We still have availibility on our other tall ships sailing holidays in Norway (sailing into the Arctic circle and visiting the Lofoten Islands), the Netherlands and UK this summer.

Steering on a tall ship sailing weekend

Rob keeping a careful watch on the wind direction

The First Evening
On the first evening we dropped down the river Orwell under engine and had an alfresco evening meal on deck. It was the usual mixed bunch of people including Rob who, amongst other things, is an ex-army fitness trainer for British Military Fitness. Later in the week he demonstrated, on the marina pontoon, some challenging new types of press ups we never realised existed!

The Offshore Wind Farms
On the Thames Estuary there is currently a lot of activity surrounding the building of two big wind farms. One on the Gunfleet between Harwich and Brightlingsea and one on the Gabbard Bank about 25 miles offshore of Harwich.
The following morning we spotted this huge tow was bringing what looked liked like windturbine bases.

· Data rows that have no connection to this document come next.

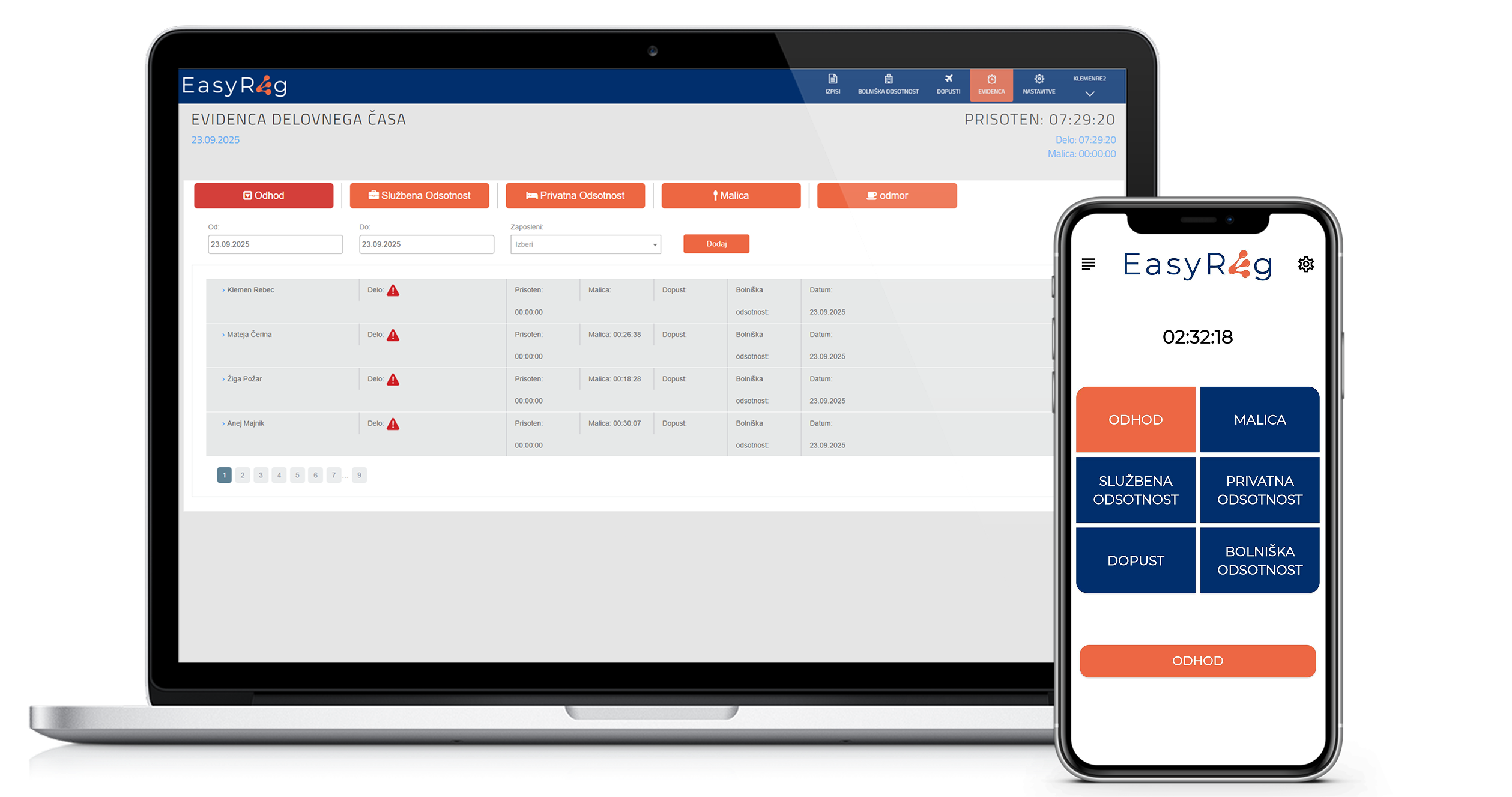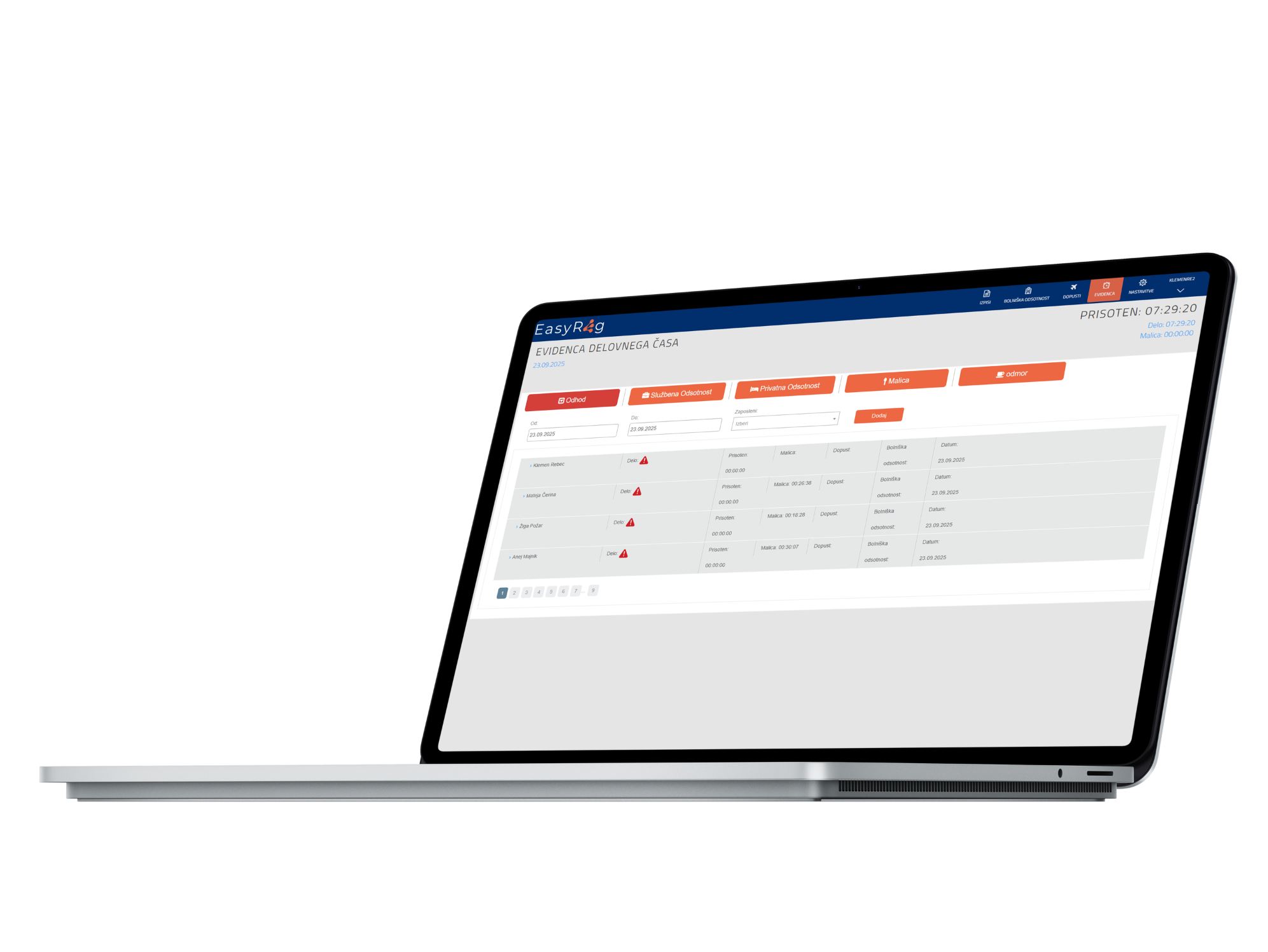 • Hitro registracijo prihodov, odhodov, odmorov in nadur – prek računalnika ali mobilne aplikacije.
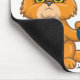 This cute mouse pad includes an angry cat holding a mouse with the saying “Don’t Touch My Mouse” Colour scheme is orange and teal.
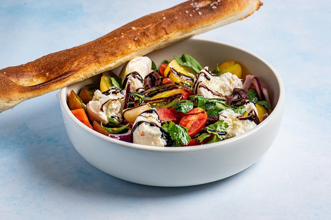 סלט פנצנלה – מיקס עגבניות, קרעי מוצרלה, שום קונפי, בצל סגול, זיתי קלמטה, רוטב בסלמי מצומצם מוגש עם פוקצי'נה. מחיר למנה: 47ש"ח
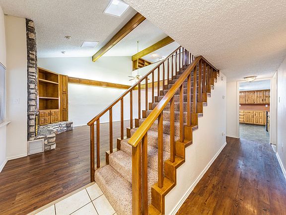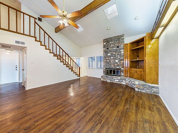 Huge 2 Bedroom, 2.5 Bath, 2 Car Garage! Living Room has a fireplace with built-in TV cabinet and up lighting along living room wall. The dining room has built-in cabinets with glass doors/adjustable shelves and counter area. Kitchen has a built-in desk, recently installed appliances, wine fridge and LOTS of counter/cabinet space. Downstairs half-bath for guests. There is a 2nd living room upstairs with adjustable built in shelves. The master bedroom has 2 ceiling fans, HUGE walk-in closet, double vanity, linen closet and a separate water closet with shower only. The second bedroom has its own bathroom with nice cabinet/counter space and a nice sized walk-in closet as well. There is a covered patio and wood deck to the backyard. The garage is over-sized with extra space and built in shelf as well as a sink and washer/dryer connections with cabinets!
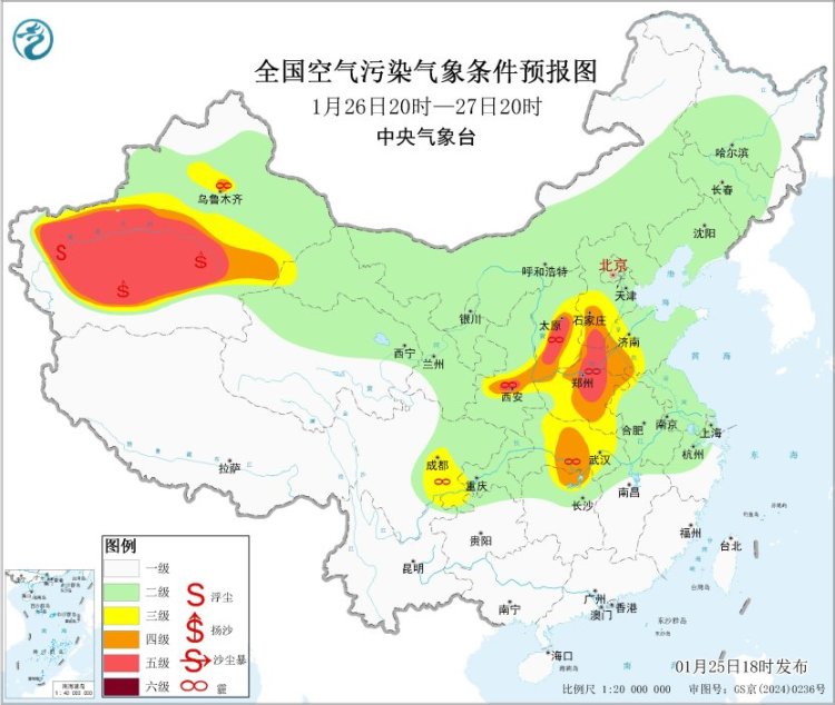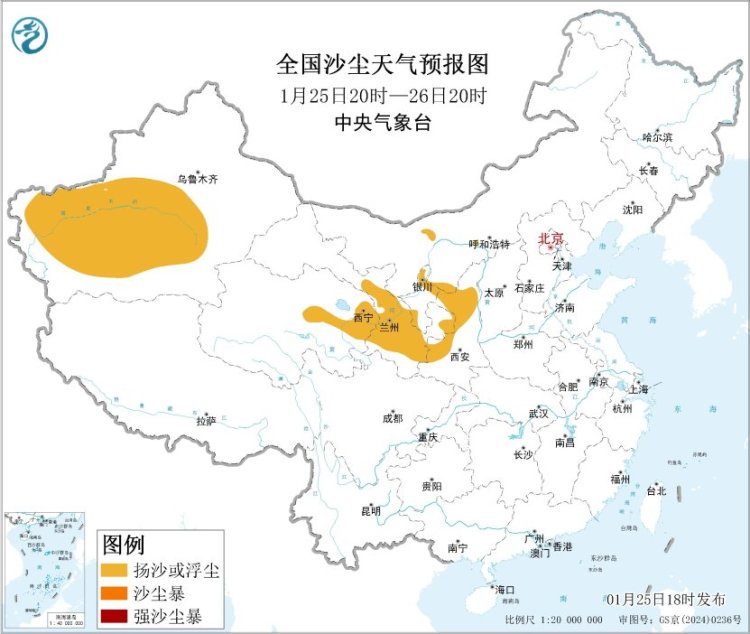 此外,25昼夜间至26日,新疆南部、青海东北部、内蒙古西部、甘肃中东部、宁夏、陕西中北部等地的部分地区仍有扬沙或浮尘天气。
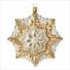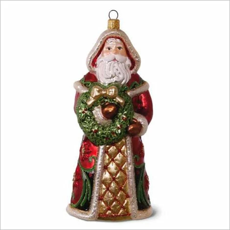 Artist: Edythe Kegrize. Dimensions: 3″ w. x 6.5″ h. x 2.5″ d. Handcrafted in Poland. Features a classic Old World Santa with red flowers and green floral lattice decorating his cloak. Hand-applied glass glitter and microbeads complete the design.
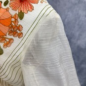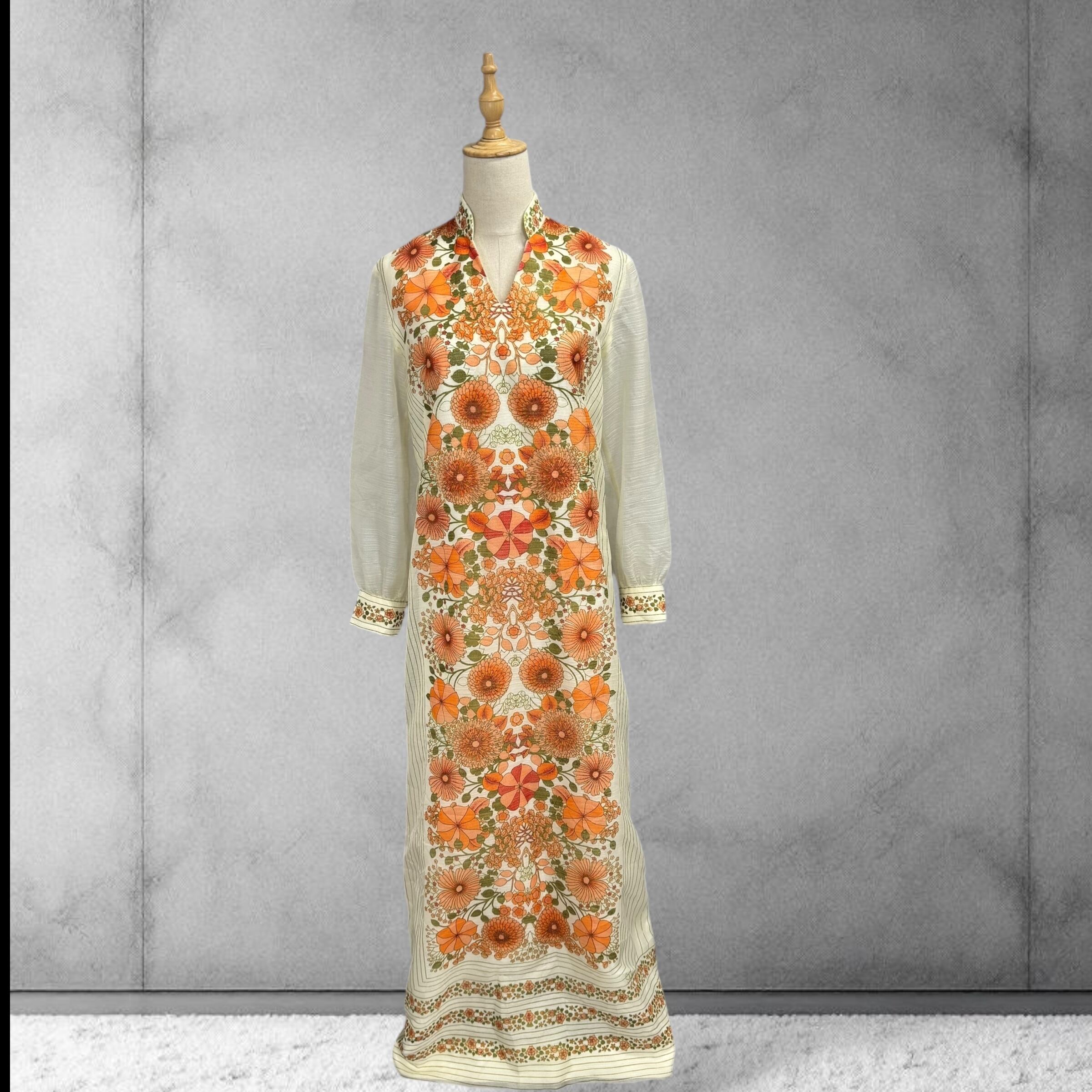 オレンジやグリーンの花々が連なる大胆なフラワープリントが目を惹くヴィンテージロングドレス。
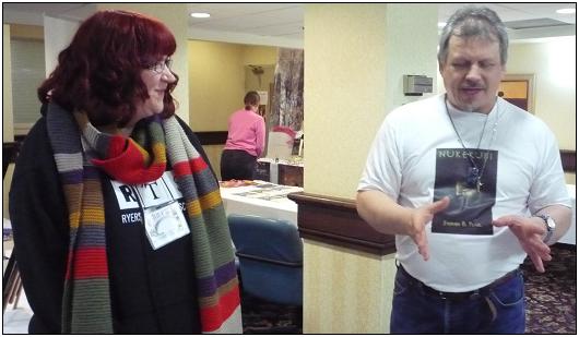 Author Stephen Pearl makes an important point (about the optimum size of a watermelon to take on a space voyage?) to an amused science fiction fan. And, isn't this what conventions are all about? Wearing a Dr. Who Scarf?
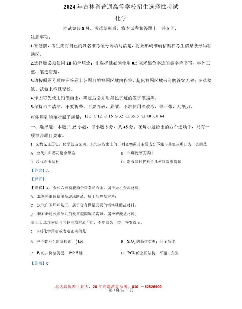 2024高考考试已结束,为了方便同学们查找高考试题及答案,我们特意整理了2024黑吉辽高考化学试题及答案,分享给同学们。详情如下:
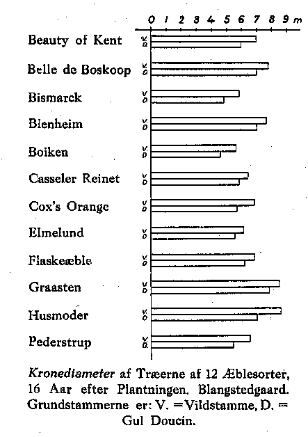 Træet. Størrelsen omtales, men da denne foruden af Træets Alder og den anvendte Grundstamme er i høj Grad afhængig af ydre Kår som Klima, Jordbund, Pasning m. m., må den blive meget variabel. Gennem et stort Antal Målinger af Træer kunde man nå frem til ret sikre Middeltal. For Valget af Planteafstand har Træets Størrelse særlig Betydning. De herom givne Oplysninger må kun opfattes som en Orientering. Hosstående Figur illustrerer den Størrelse, nogle Forsøgstræer af Æble har nået på Blangsted-gård Forsøgsstation igennem 16 år. Man lægger Mærke til Forholdet mellem Vildstamme- og Dværgtræer.

Wind turbines on tow near Harwich

Wind turbine equipment being towed near Harwich

Tying a marlin spike hitch

Learning to tie a marlin spike hitch

The weekend was turning into a fairly leisurely, gentle
cruise as we headed to anchor off a beach in the Colne on
the second night.
In the warm evening breeze the new crew sat around
watching the sun going down over a couple of beers.

The following day we sailed back to Half Penny
Pier in Harwich with everyone having a go helming.
Everyone learnt a few new basic seamanship skills
such as tying a marlin spike hitch.

Lynne getting the hang of steering.

Lynne getting the hang of steering

Homeward bound
It was soon time to head back to Ipswich but we managed to squeeze in a sail out into Harwich Harbour and a fast sail on the tide up the Stour and back. Lynne steered a steady course for this last leg amongst lots of anchored boats even with the wind fine on the bow and lots of wind shifts to contend with. Afterwards she said

The taster weekend for me was an eye opener as you don’t need experience to be part of the crew and get involved. Glad I had the experience.

We’ll leave you with photos of a few interesting boats we spotted over the weekend.

Sailing boat - a spray type

Rory, a local sailor out for his first sail of the year in his spray

Catamaran Pelican of Hamble

The Pelican of Hamble, what looks like a home built catamaran. We spotted her sailing quite nicely to windward amongst the moorings on the Orwell

Leigh bawley

A local traditional boat - a bawley from Leigh on Sea, near Southend.